On the next Sunday afternoon, after Lizzie had cleared away the dinner things, and fed the chickens, and scrubbed the faces of her little brothers and sisters previous to their departure for Sunday School, she donned her white straw hat, with its big red rose nodding triumphantly from a commanding position just over the centre of her forehead, pinned a posy of carnations and jasmine and southern-wood in the bosom of her blue dress, drew a new pair of cotton gloves over her plump hands, and sallied forth up the street to call on Susan.

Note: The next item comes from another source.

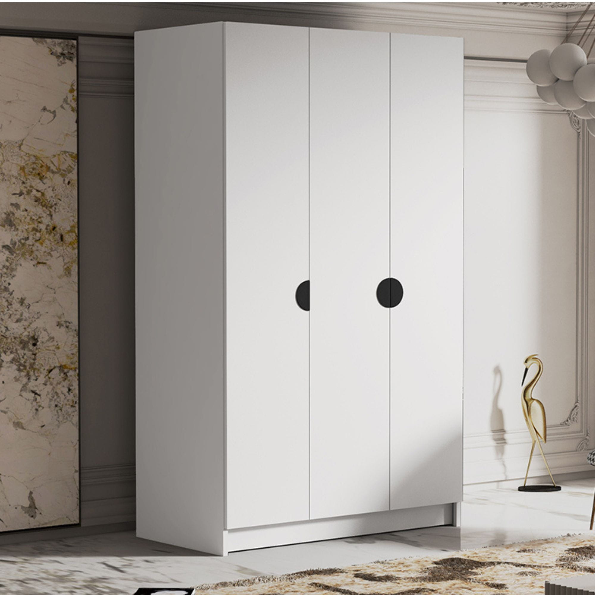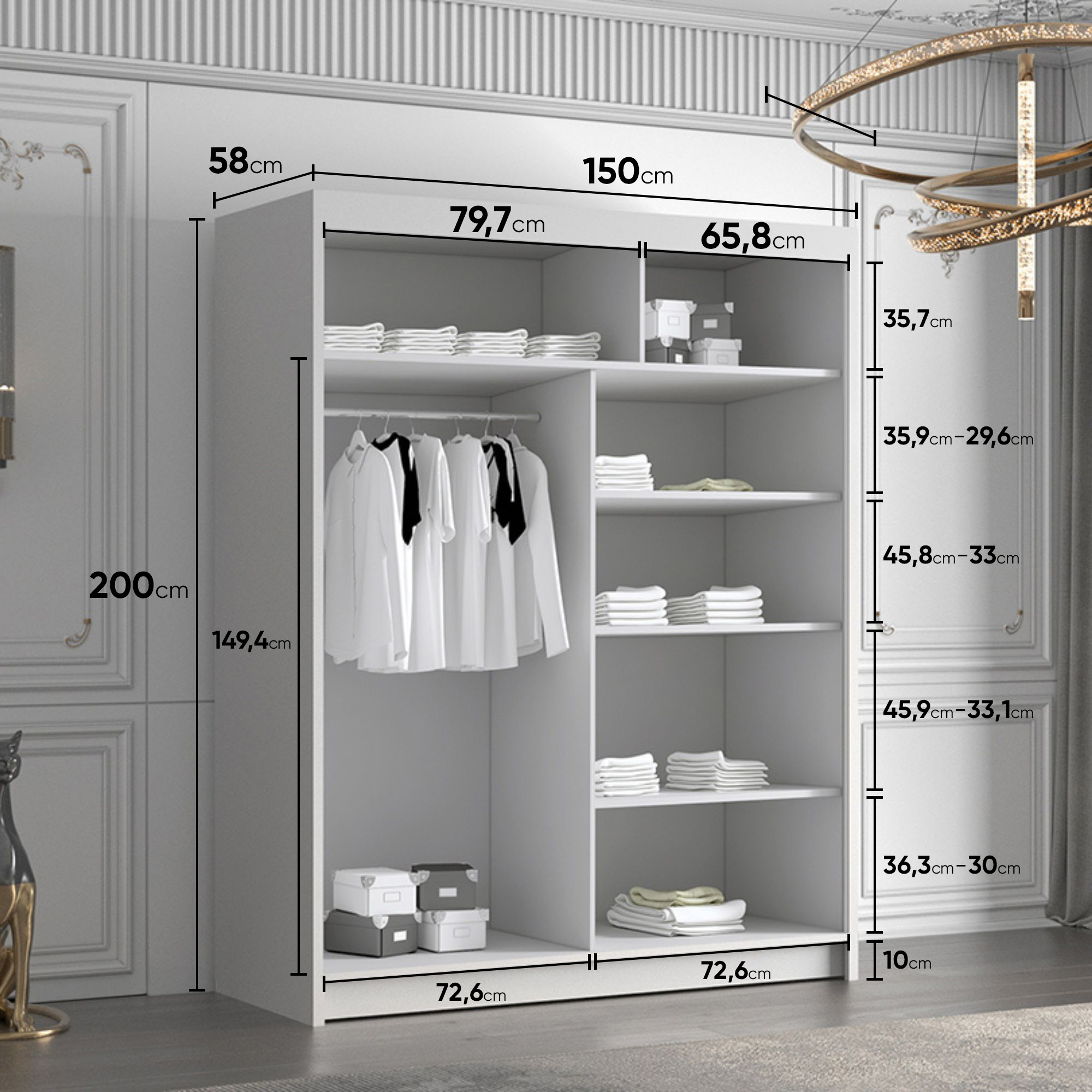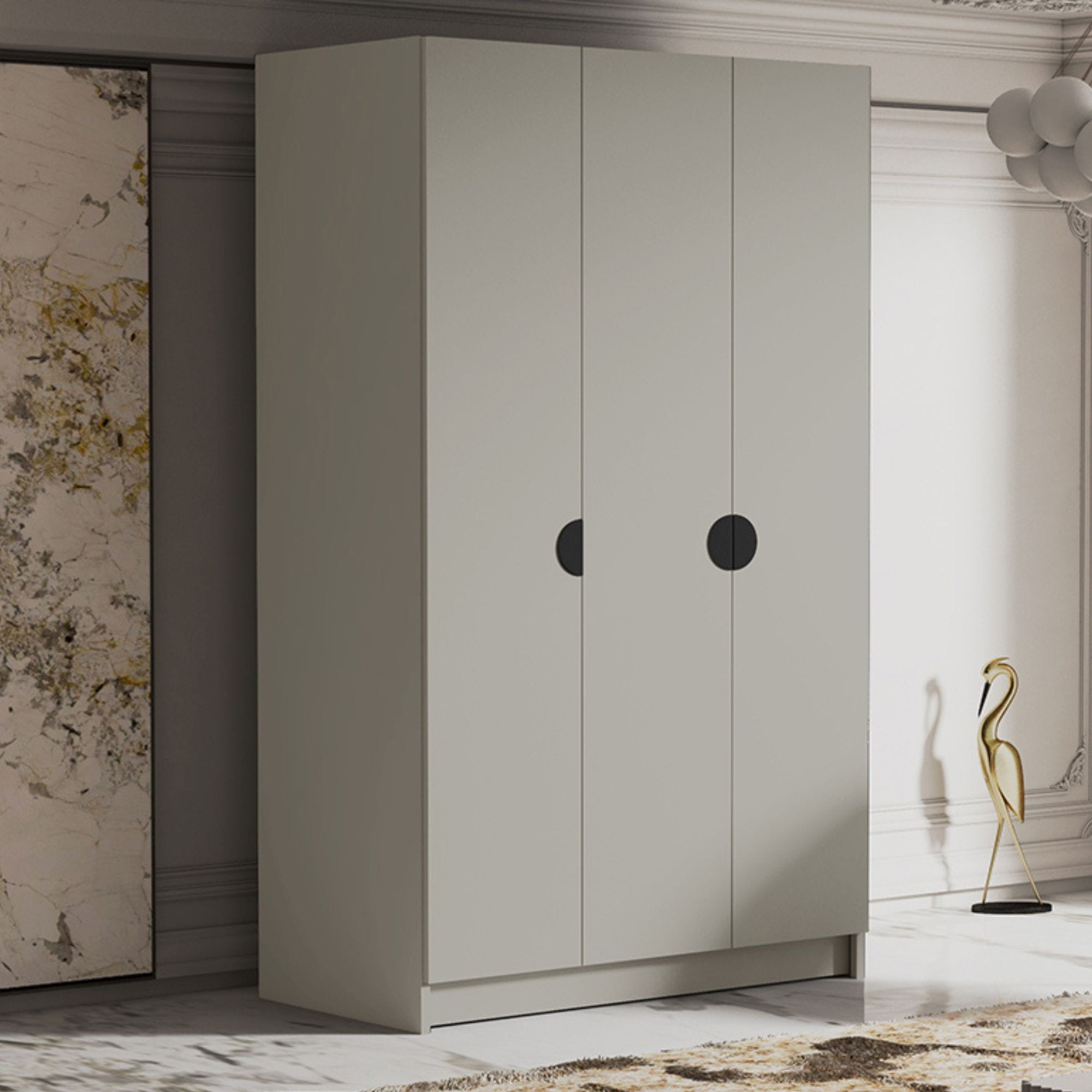 Szafa KAMON o szerokości 150 cm to nowoczesne i stylowe rozwiązanie do każdej sypialni, garderoby czy przedpokoju. Jej minimalistyczna forma doskonale wpisuje się w aktualne trendy wnętrzarskie, a geometryczne uchwyty w formie okręgów dodają jej oryginalnego charakteru.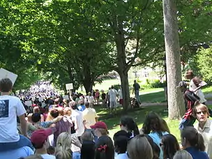 In May 2017, the school issued a report, led by former Massachusetts Attorney General Scott Harshbarger, detailing sexual misconduct by 13 former faculty and staff members (including Gerry Studds) that occurred between 1948 and 1988. The report did not focus on any allegations that occurred after 1988.[63] Sexual misconduct documented in the report covered assaults, harassments, and rape. One student who contacted The Boston Globe, but not the people conducting the report said, "It's not a complete accounting. It's nowhere close."[63] Any further historical allegations are reported by an independent overseer.[64][65]

She found Mrs. Adlam with her Sunday gown pinned back over a striped petticoat, her sleeves rolled up as high as Sunday sleeves would go, and a further protection against possible accidents in the shape of a large-bibbed apron shrouding the remainder of her Sabbath glories, hard at work washing up.

“Good-day, Mrs. Adlam. I jest called round to see how Susan mid be.”

“Good-day, Lizzie. Susan’s very bad, thank ye. She’s layin’ on her bed upstairs. Step up if you like.”